### Your assignment
Print the lines in the listing below that fall between the line with "在CloudCC 10版本中" and the line with "Im Erdgeschoss: eine", those two lines included, exactly as they stand and with nothing else.

### Source material
· · · · ·

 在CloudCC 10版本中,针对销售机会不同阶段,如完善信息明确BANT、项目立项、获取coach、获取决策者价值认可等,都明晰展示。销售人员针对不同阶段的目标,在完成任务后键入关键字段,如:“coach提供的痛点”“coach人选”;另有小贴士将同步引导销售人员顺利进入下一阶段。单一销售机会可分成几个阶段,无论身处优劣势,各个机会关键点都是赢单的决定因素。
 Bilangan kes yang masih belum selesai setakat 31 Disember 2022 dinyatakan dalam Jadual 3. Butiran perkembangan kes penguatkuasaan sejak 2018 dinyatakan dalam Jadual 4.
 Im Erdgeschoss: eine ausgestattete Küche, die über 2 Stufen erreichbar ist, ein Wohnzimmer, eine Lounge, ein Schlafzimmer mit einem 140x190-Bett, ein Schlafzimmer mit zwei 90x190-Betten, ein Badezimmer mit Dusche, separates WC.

· · · · ·

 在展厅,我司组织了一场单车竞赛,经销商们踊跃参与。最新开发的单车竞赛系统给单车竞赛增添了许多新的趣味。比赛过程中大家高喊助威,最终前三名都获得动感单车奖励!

· · · · ·

### Expected output
 在CloudCC 10版本中,针对销售机会不同阶段,如完善信息明确BANT、项目立项、获取coach、获取决策者价值认可等,都明晰展示。销售人员针对不同阶段的目标,在完成任务后键入关键字段,如:“coach提供的痛点”“coach人选”;另有小贴士将同步引导销售人员顺利进入下一阶段。单一销售机会可分成几个阶段,无论身处优劣势,各个机会关键点都是赢单的决定因素。
 Bilangan kes yang masih belum selesai setakat 31 Disember 2022 dinyatakan dalam Jadual 3. Butiran perkembangan kes penguatkuasaan sejak 2018 dinyatakan dalam Jadual 4.
 Im Erdgeschoss: eine ausgestattete Küche, die über 2 Stufen erreichbar ist, ein Wohnzimmer, eine Lounge, ein Schlafzimmer mit einem 140x190-Bett, ein Schlafzimmer mit zwei 90x190-Betten, ein Badezimmer mit Dusche, separates WC.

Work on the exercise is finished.